It is therefore most likely that binding of di- or trinucleotides to
the NBD domains stabilizes TAP in 37 °C incubations. Consequently,
in the absence of sufficient nucleotide concentrations, incubation at
37 °C would lead to nucleotide dissociation from TAP, either via
direct ATP dissociation, or via ATP hydrolysis followed by ADP
dissociation. Re-binding of either nucleotide form is sufficient to
prevent loss of TAP function, suggesting that ATP hydrolysis is not
required to preserve TAP function after nucleotide dissociation. Thus,
the findings presented in this study suggest that nucleotide binding to
the NBD domains of TAP1, and possibly also TAP2, controls TAP
conformation.
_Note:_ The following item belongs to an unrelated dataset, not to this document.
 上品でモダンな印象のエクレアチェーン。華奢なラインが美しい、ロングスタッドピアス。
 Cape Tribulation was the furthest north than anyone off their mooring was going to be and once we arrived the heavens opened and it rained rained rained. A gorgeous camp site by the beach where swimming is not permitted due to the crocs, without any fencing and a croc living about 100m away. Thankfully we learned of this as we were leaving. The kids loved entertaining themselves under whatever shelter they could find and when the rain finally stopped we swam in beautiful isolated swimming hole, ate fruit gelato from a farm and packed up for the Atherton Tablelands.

Conformational changes associated with nucleotide binding
affect NBD as well hydrophobic transmembrane domains, as indicated by
altered antibody recognition of these domains as well as loss of
peptide binding which is thought to involve a binding site formed by
several transmembrane domains and/or cytosolic loops between them (25,
29).
Experiments with single TAP subunits and their NBD fragments provide
some interesting evidence on the possible mechanisms of TAP
destabilization and stabilization. First, the fact that single TAP
subunits and the TAP2 NBD are susceptible to the temperature-induced conformational change may indicate that this change is due to ATP
dissociation rather than hydrolysis since ATP hydrolysis by ABC
proteins from eukaryotic organisms generally requires complete transporter assembly (2). Second, lack of ATP stabilization of isolated
TAP2 and its NBD fragment suggests that TAP2 alone may not be capable
of re-binding nucleotides after their dissociation (or hydrolysis).
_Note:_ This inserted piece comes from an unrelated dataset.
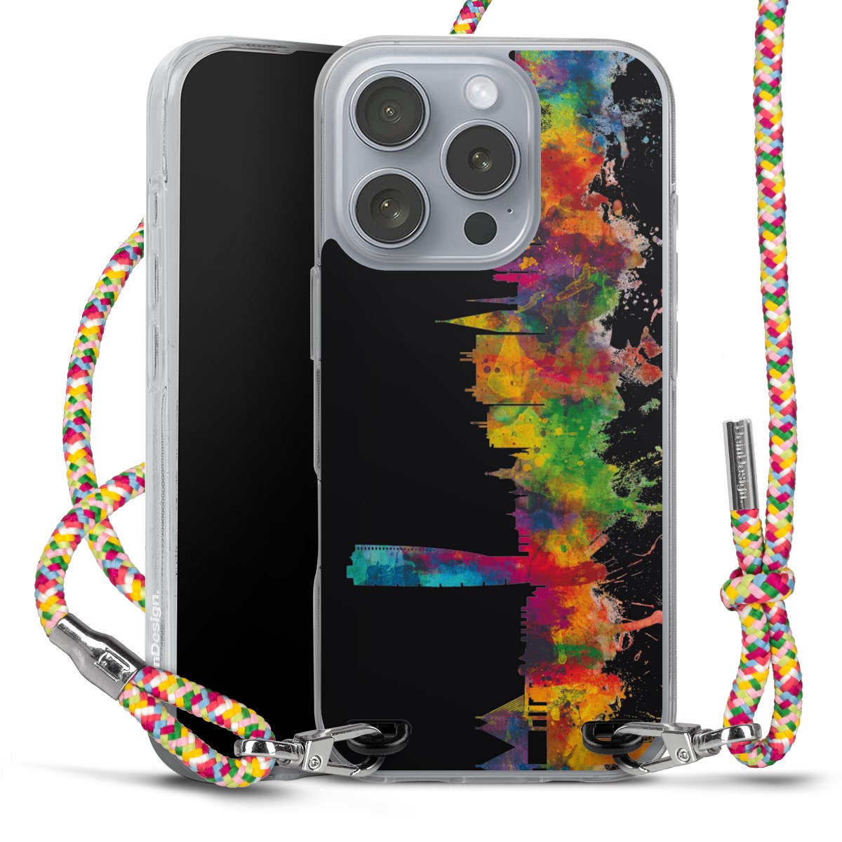 The flexible case is made from a highquality TPU material (thermoplastic Polyurethan). Thanks to its longlasting and break resistant characterisitcs, the case is flexible yet consistent in form and has a great grip and feel. The textile strap made from Polyester gives a chic yet casual accent allowing you to carry your phone like a bag or necklace - a practical gadget perfect for your next adventure. The textile strap is about 1.70 meters long and the length can easily be adjusted through the knots. Our Carry Case is available in Colourful, Mint-Camouflage, Very-Berry, Sahara-Sand and Sparkling-Neon. The ends of the textile strap are covered with metallic end caps to protect them against fraying.

Third, ATP stabilization of isolated TAP1 subunits, and of
TAP1-assembled (as opposed to isolated) TAP2 subunits suggests that
TAP1 alone can re-bind nucleotides after dissociation, and that TAP2
stabilization either involves nucleotide binding to TAP1-assembled
TAP2, or is an indirect effect of TAP1 stabilization by nucleotides.
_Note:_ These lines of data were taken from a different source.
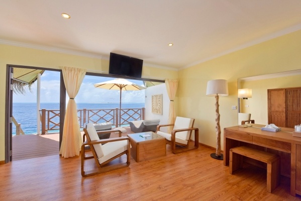 A tengerparti bungaló két fő részére alkalmas, egy pótágy lehetőségével. Az alapterülete körülbelül 78 m?, légkondicionált, és a fürdőszobában kád és zuhany, WC, hajszárító, valamint kozmetikai készlet található. Külső zuhany is rendelkezésre áll. A bungalóban vezeték nélküli internet, műholdas televízió, telefon, valamint kávé- és teafőző készlet is biztosított. A teraszon nyugágyak találhatók, és közvetlen lejárat van a strandra.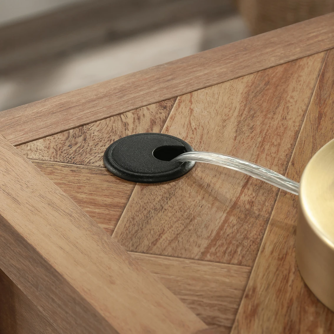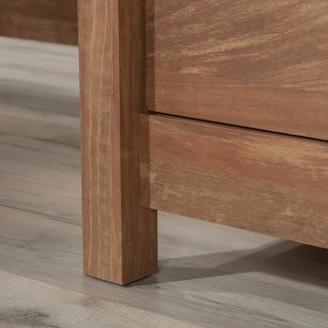 Add the warmth and familiarity of the Sauder Cannery Bridge collection to your home or workspace with this L-shaped desk. This home office L-shaped desk features six drawers with full extension slides, perfect for storing pens, a stapler, notepads and other office supplies. The two lower drawers hold letter or legal-size hanging files, keeping you organized and clutter free. The spacious top surface of this farmhouse L-shaped desk can easily accommodate your computer, a lamp, photos of your family and features a herringbone pattern for added detail. Includes a cord management system with desktop grommet holes to organize chargers and cords to keep your desk free of an entanglement of wires. Finished on all sides for versatile placement, this modern farmhouse desk will look polished from every angle. Finished in a warm Sindoori Mango. Ships in two cartons. Model: 429556.
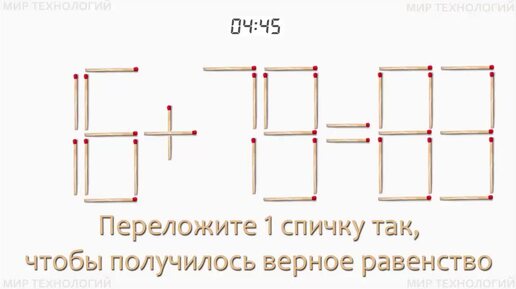 Задача 427. Переложите 1 спичку так, чтобы получилось верное равенство (16+79=83). Задачи и головоломки со спичками.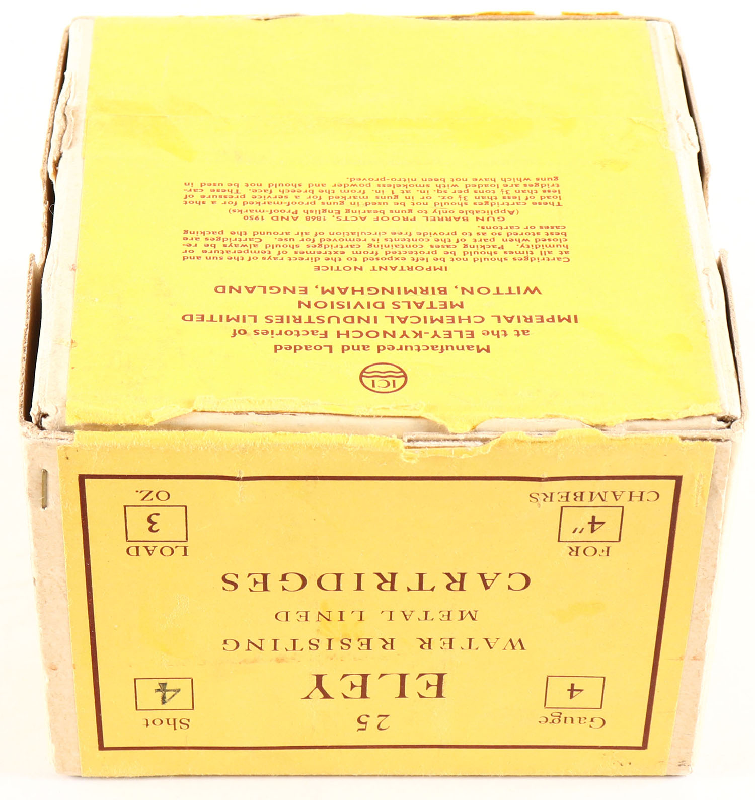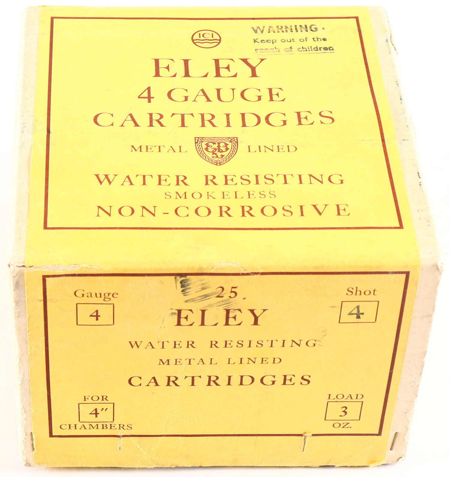 Eley, 4ga, 2pc., Partial 2rds, shot size 4, 4'', buff box with yellow & maroon label, box is solid with great color to label. Shells are excellent. Grade: Excellent - Value: 100 to 600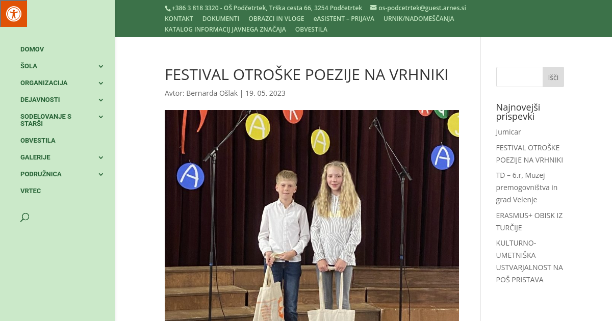 V sredo, 17. 5. 2023, je na Vrhniki potekala zaključna prireditev natečaja Rima raja – festivala otroške poezije. Med izbrane finaliste sta se s svojima pesmima uvrstila tudi učenca naše šole, in sicer Mark Debelak (5. r.) in Iva Mrkša (6. r.). Na prireditvi v veliki dvorani Kulturnega doma Ivana Cankarja na Vrhniki sta se predstavila z umetniško interpretacijo svoje poezije in prejela diplomi za mladega pesnika in pesnico.
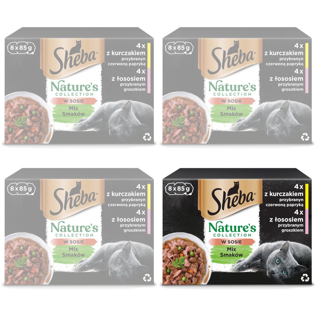 Sheba Tacka 32x85g Mix Smaków Mokra Karma W Sosie Dla Dorosłych Kotów Kurczak Łosoś SHEBA® Nature's Collection Mix Smaków to karma, która zaspokoi wymagania nawet najbardziej ...

Finally, hydrophobic, i.e. membrane-inserted or associated
TAP moieties, may initiate the conformational change at 37 °C. This
is suggested by the effect of heating on TAP1 and its NBD fragment:
recognition of the TAP1 NBD domain by mAb 148.3 (with specificity for
its carboxyl terminus) is lost upon heating of complete TAP1, but not
of the recombinant NBD fragment.
It needs to be mentioned that Russ and associates (21), who first
described evidence for a conformational change in the TAP1 protein
during 37 °C incubations, did not observe any effect of nucleotides
or peptide. In the case of peptide, this is not surprising since TAP
complexes solubilized in strong non-ionic detergents used in the cited
study do not bind peptide.3
The reason for the lack of TAP stabilization by ATP reported by Russ
(21) is less evident; it is possible that Triton or Nonidet
P-40-solubilized TAP proteins bind ATP with reduced affinity allowing
for labeling with photoreactive ATP analogues, but not stabilization of
TAP structure. Alternatively, TAP stabilization by nucleotides may
involve additional "non-Walker"-binding sites, or third proteins
dissociating from TAP during detergent solubilization. In any case,
experiments with fully functional microsomal TAP complexes are more
likely to reflect physiological conditions than those with
detergent-solubilized TAP.
The most surprising result of this study was the clear stabilization of
functional TAP complexes by interaction of high affinity peptides with
the TAP substrate-binding site. It cannot be ruled out that peptide
stabilizes TAP by an indirect mechanism, for example, by increasing TAP
affinity for residual ATP or ADP contained in microsome preparations,
or by inducing TAP association with an unidentified stabilizing factor.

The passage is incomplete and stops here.